→ SUPPLIED DATA
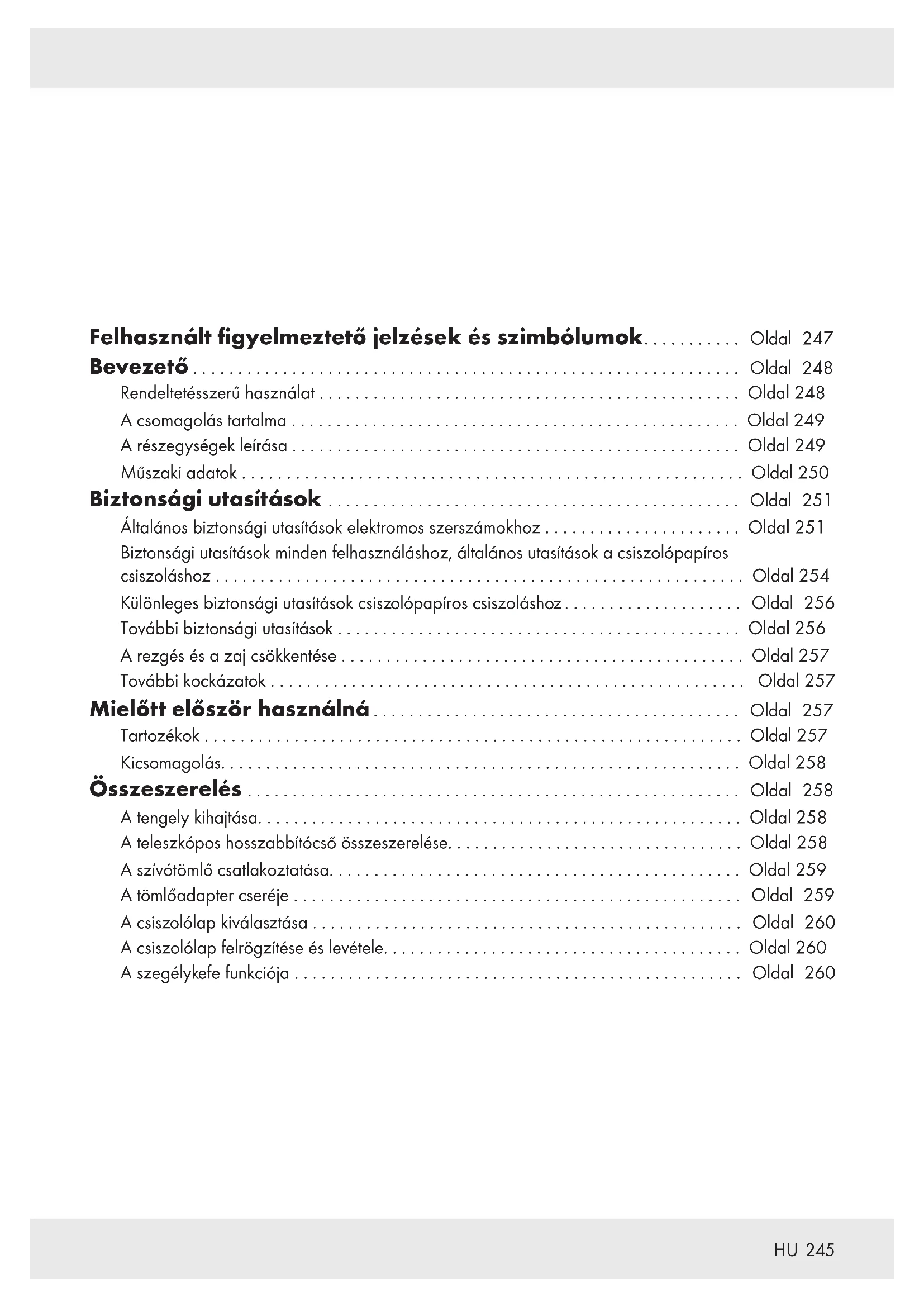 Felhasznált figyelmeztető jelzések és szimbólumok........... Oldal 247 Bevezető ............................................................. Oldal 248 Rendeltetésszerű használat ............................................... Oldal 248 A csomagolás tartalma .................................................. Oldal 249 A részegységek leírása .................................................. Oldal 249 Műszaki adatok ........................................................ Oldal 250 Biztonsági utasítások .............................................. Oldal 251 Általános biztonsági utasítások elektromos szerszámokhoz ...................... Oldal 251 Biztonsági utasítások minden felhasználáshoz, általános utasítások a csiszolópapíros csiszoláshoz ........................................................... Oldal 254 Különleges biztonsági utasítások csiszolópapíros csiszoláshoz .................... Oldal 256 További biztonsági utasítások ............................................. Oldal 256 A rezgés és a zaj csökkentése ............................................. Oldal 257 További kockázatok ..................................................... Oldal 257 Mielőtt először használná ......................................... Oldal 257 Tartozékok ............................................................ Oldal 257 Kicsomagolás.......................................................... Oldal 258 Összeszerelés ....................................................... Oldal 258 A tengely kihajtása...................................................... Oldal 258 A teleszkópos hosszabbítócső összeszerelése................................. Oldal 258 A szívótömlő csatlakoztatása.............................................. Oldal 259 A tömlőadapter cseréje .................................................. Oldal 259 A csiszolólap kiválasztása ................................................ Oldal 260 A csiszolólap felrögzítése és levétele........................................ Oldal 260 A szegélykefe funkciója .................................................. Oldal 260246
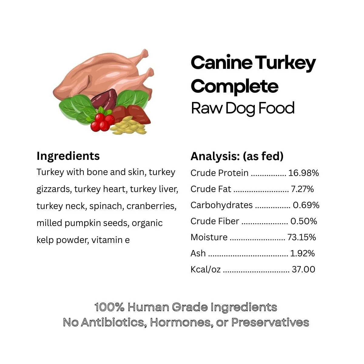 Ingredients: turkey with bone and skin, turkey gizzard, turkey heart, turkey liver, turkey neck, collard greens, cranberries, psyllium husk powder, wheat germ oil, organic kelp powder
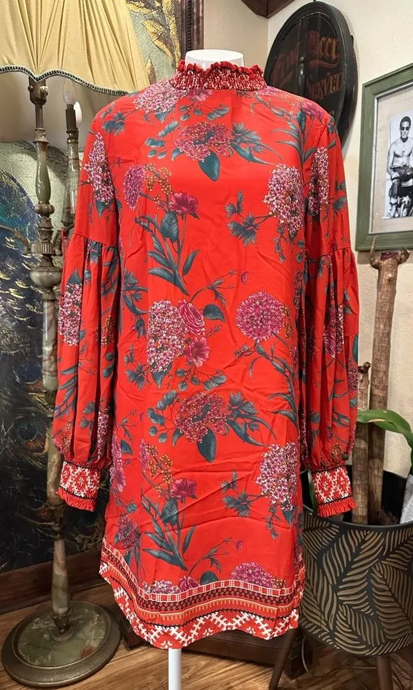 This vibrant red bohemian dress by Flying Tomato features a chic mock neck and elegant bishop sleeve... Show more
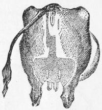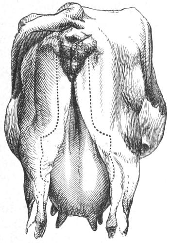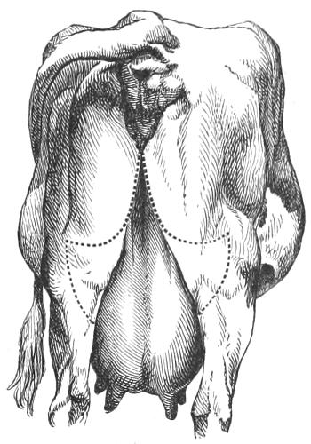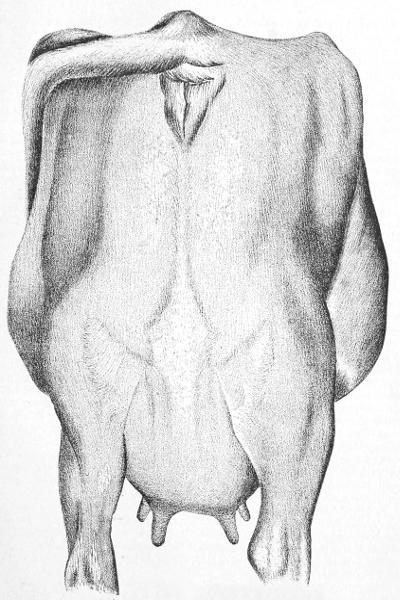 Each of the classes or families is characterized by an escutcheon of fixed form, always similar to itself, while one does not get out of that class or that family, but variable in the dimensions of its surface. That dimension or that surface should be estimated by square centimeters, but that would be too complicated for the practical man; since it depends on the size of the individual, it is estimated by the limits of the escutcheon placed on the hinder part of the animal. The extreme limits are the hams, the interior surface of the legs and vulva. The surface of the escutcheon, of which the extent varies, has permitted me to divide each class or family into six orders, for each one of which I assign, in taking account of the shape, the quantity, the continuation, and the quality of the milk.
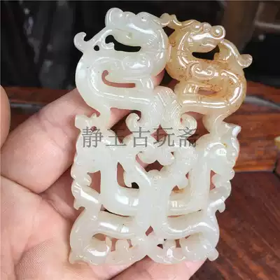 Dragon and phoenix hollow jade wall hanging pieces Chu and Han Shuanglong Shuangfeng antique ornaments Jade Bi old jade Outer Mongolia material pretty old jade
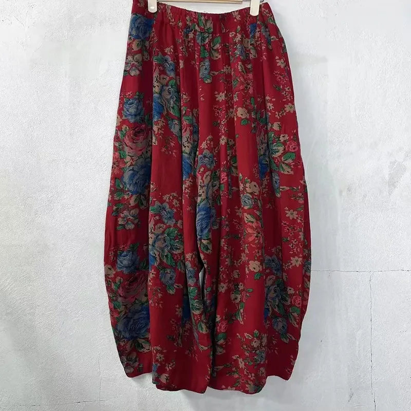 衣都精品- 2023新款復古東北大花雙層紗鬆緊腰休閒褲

==

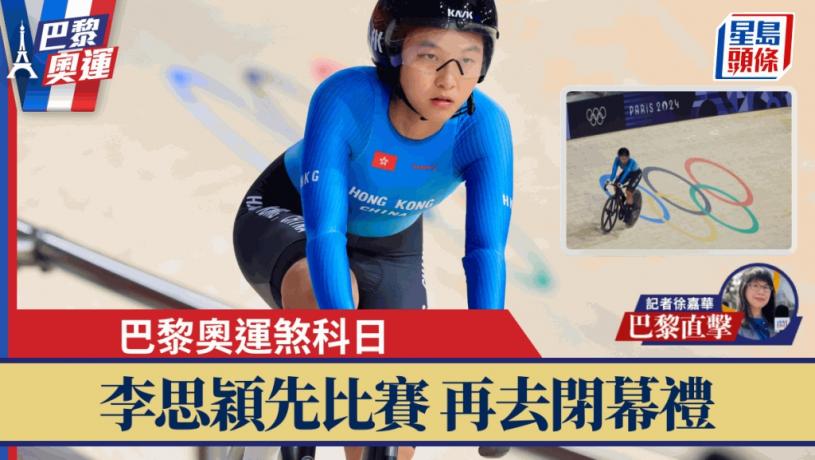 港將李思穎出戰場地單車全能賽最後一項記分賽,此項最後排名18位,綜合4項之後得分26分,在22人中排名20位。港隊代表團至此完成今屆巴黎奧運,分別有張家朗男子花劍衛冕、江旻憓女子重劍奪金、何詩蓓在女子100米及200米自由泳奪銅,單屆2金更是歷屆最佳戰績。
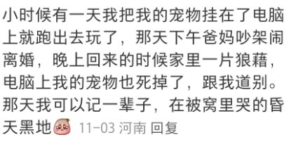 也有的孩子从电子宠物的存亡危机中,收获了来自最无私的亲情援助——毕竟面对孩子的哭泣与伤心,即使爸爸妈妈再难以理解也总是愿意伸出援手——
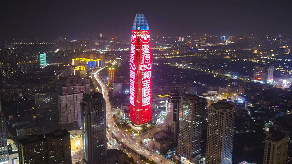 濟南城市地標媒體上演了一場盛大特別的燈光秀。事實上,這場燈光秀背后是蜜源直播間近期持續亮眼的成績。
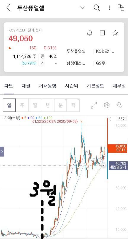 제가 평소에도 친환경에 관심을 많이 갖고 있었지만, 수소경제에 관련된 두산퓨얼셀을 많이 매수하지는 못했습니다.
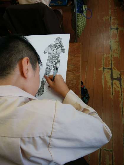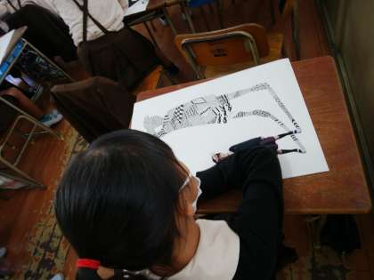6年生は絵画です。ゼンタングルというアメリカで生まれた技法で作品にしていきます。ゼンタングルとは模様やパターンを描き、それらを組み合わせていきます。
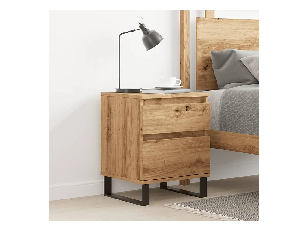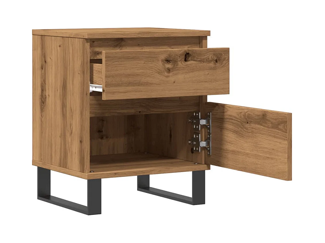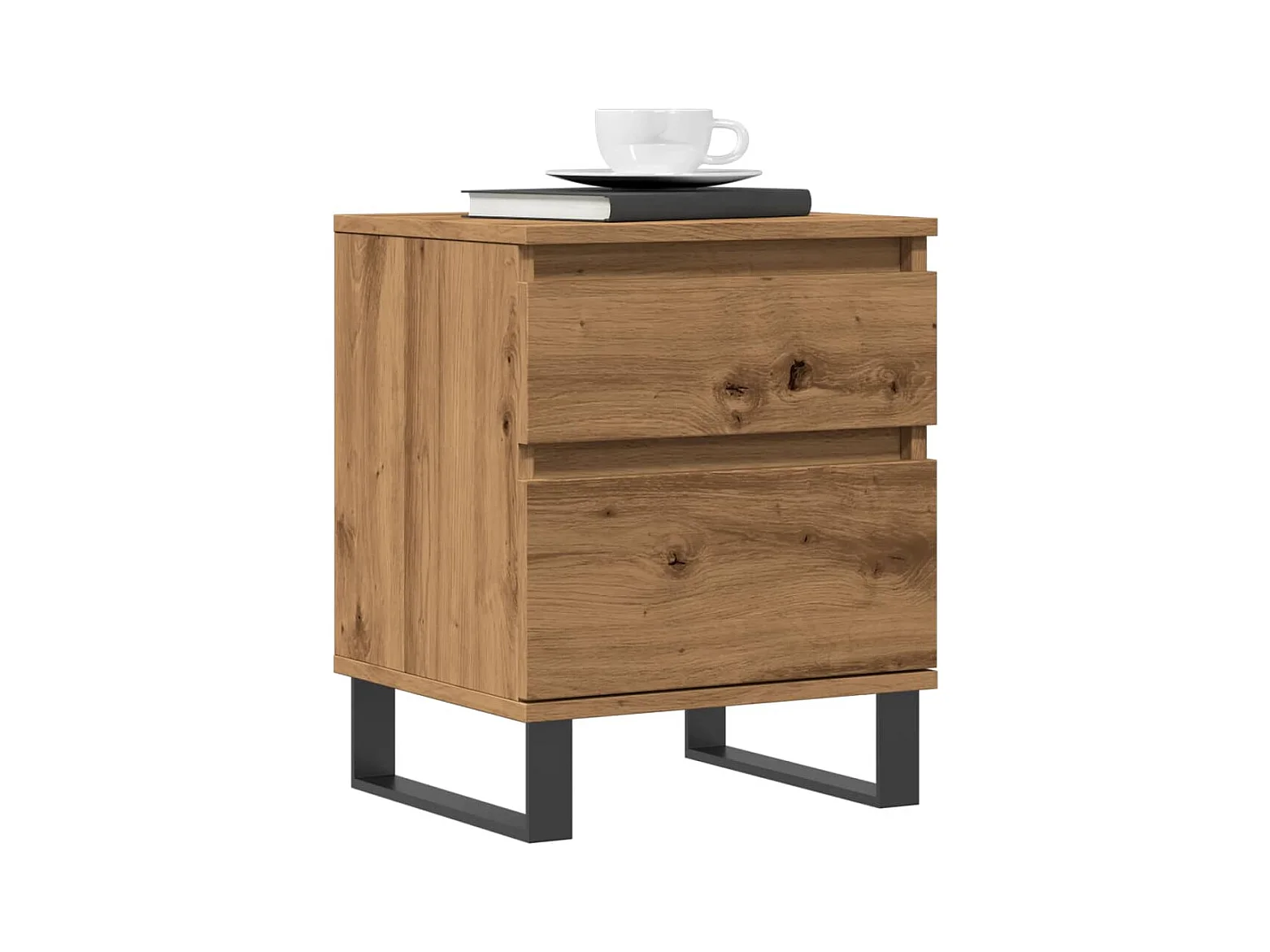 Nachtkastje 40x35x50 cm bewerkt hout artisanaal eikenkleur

→ EXERCISE PROMPT
Using the listing above, reproduce word for word every line from the one containing "6年生は絵画です。ゼンタング" through the one containing "Nachtkastje 40x35x50 cm". Pictures must be left out.

→ ANSWER BOX
6年生は絵画です。ゼンタングルというアメリカで生まれた技法で作品にしていきます。ゼンタングルとは模様やパターンを描き、それらを組み合わせていきます。
 Nachtkastje 40x35x50 cm bewerkt hout artisanaal eikenkleur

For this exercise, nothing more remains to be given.